Sebastian

Posted on Jun 3

LLM Fine-Tuning Workshop: Improve Question-Answering Skills

#llm

Large Language Models are a fascinating technology that becomes embedded into several applications and products. In my blog series about LLMs, I stated the goal to design a closed-book question answering systems with LLMs as the core or sole components. Following my overview to question answer system architecture, this is the second article, and its focus is to add question-answering skills to a Gen1 LLM.

This article shows how to finetune the GPT2 LLM with the SQAUD question answering dataset. You will learn about the SQUAD dataset: Its origin, its structure, and how to preprocess it for training. You will then see how to fine-tune GPT2 with this dataset using the transformers library, and how to use the model with custom questions from any context.

The technical context of this article is Python v3.11 and transformers v4.37.2. All instructions should work with newer versions of the tools as well.

This article originally appeared at my blog admantium.com.

Question Answering Datasets

In classical NLP, question answering capabilities are considered as an advanced task. Models trained for this task are provided with a context section and a question, and then need to find the relevant spans in the context that best matches the question. Earlier, non LLM models were often trained to just identify the starting and ending position of the answer, and this still is the dominant form of available datasets.
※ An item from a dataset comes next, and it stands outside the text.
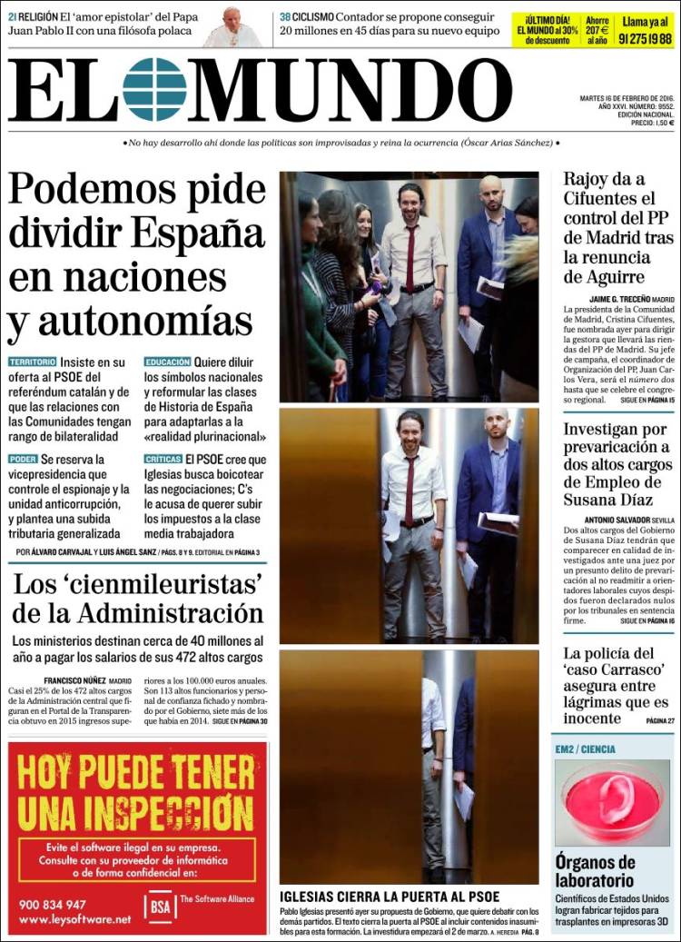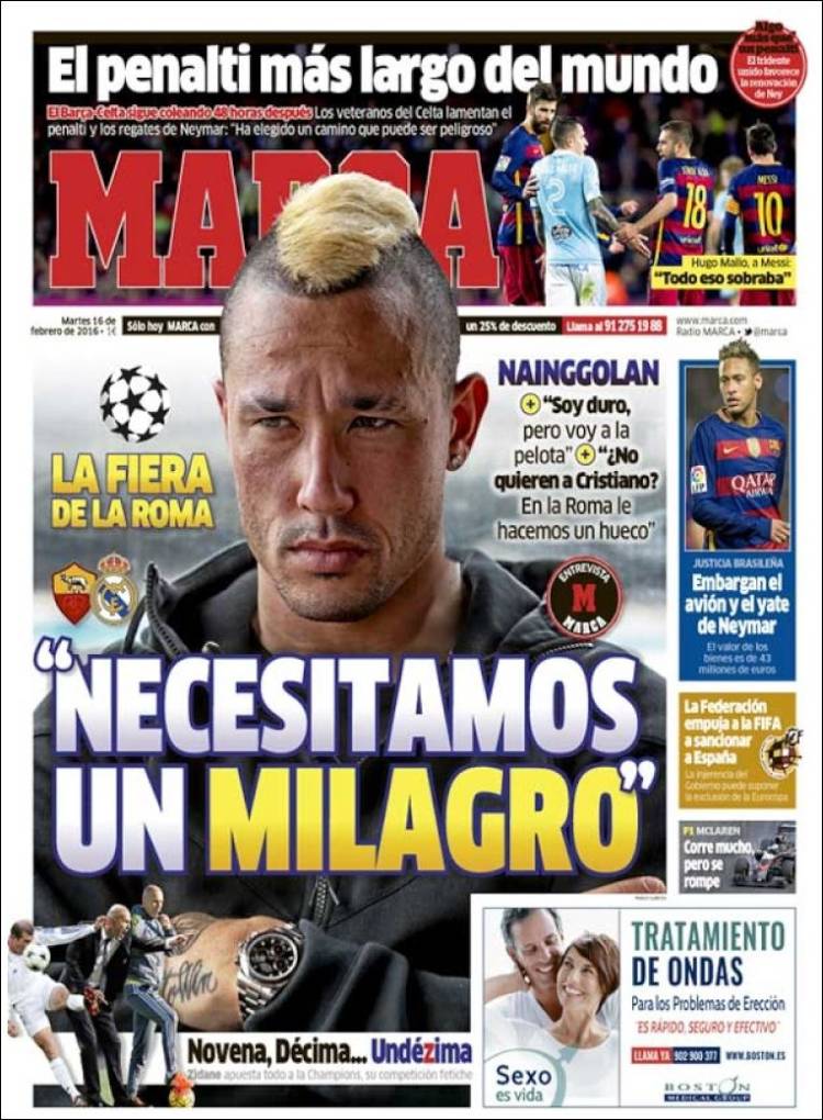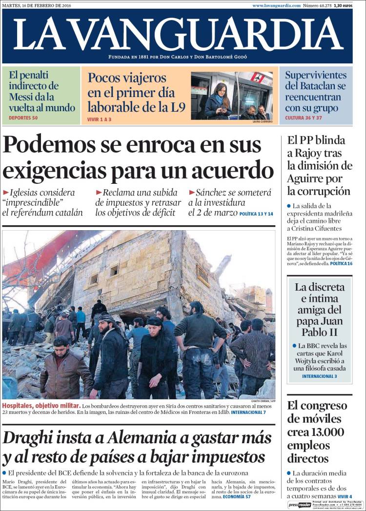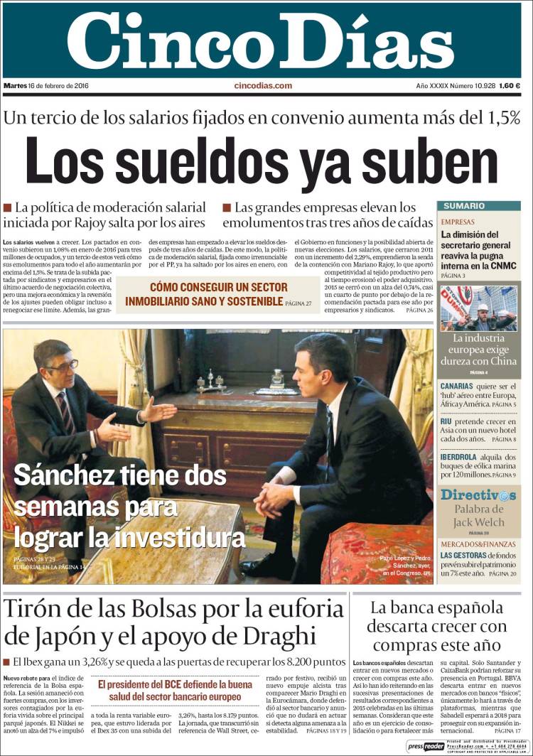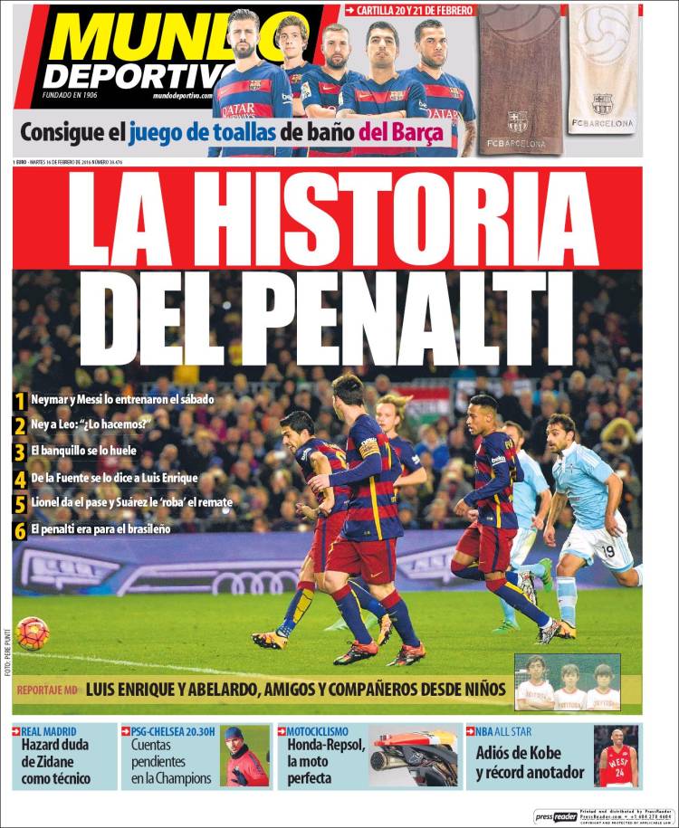 Portadas de los diarios El Mundo, El País, ABC, La Razón, La Vanguardia, El Periódico, Cinco Días, El Economista, Expansión, Marca, As, Mundo Deportivo y Sport.

SQUAD (Stanford Question Answer Dataset) is a well-known and often used dataset. It consists of a context, a question, and the expected answer in the form of a starting and ending token that identifies the relevant parts from the context. Here is an example of a question about the free working days in the European union.

Context

While the Treaties and Regulations will have direct effect (if clear, unconditional, and immediate), Directives do not generally give citizens (as opposed to the member state) standing to sue other citizens. In theory, this is because TFEU article 288 says Directives are addressed to the member states and usually "leave to the national authorities the choice of form and methods" to implement. In part this reflects that directives often create minimum standards, leaving member states to apply higher standards. For example, the Working Time Directive requires that every worker has at least 4 weeks paid holidays each year, but most member states require more than 28 days in national law. However, on the current position adopted by the Court of Justice, citizens have standing to make claims based on national laws that implement Directives, but not from Directives themselves. Directives do not have so called "horizontal" direct effect (i.e. between non-state parties). This view was instantly controversial, and in the early 1990s three Advocate Generals persuasively argued that Directives should create rights and duties for all citizens. The Court of Justice refused, but there are five large exceptions.

Question

How many paid holiday days does the Working Time directive require workers to have each year?

Answers:

start position: 594
start position: 595
text: 4 weeks

How the SQUAD dataset is used for fine-tuning should be put into a historic perspective. Essentially, training add a new fully-connected layer on top that outputs the two numbers of input and output tokens. This is a technique specifically used for gen 1 models, but newer models do not merely identify relevant spans, but can also summarize and synthesize answers. And therefore, this specific dataset and the training goal are applicable to Gen1 models but became obsolete with late Gen2 models.

Step 1: Goal Definition

This project fine-tunes a GPT2 LLM with the SQUAD dataset to add question-answering behavior in which the LLM outputs the start and end position of tokens inside the context which is relevant to a given answer.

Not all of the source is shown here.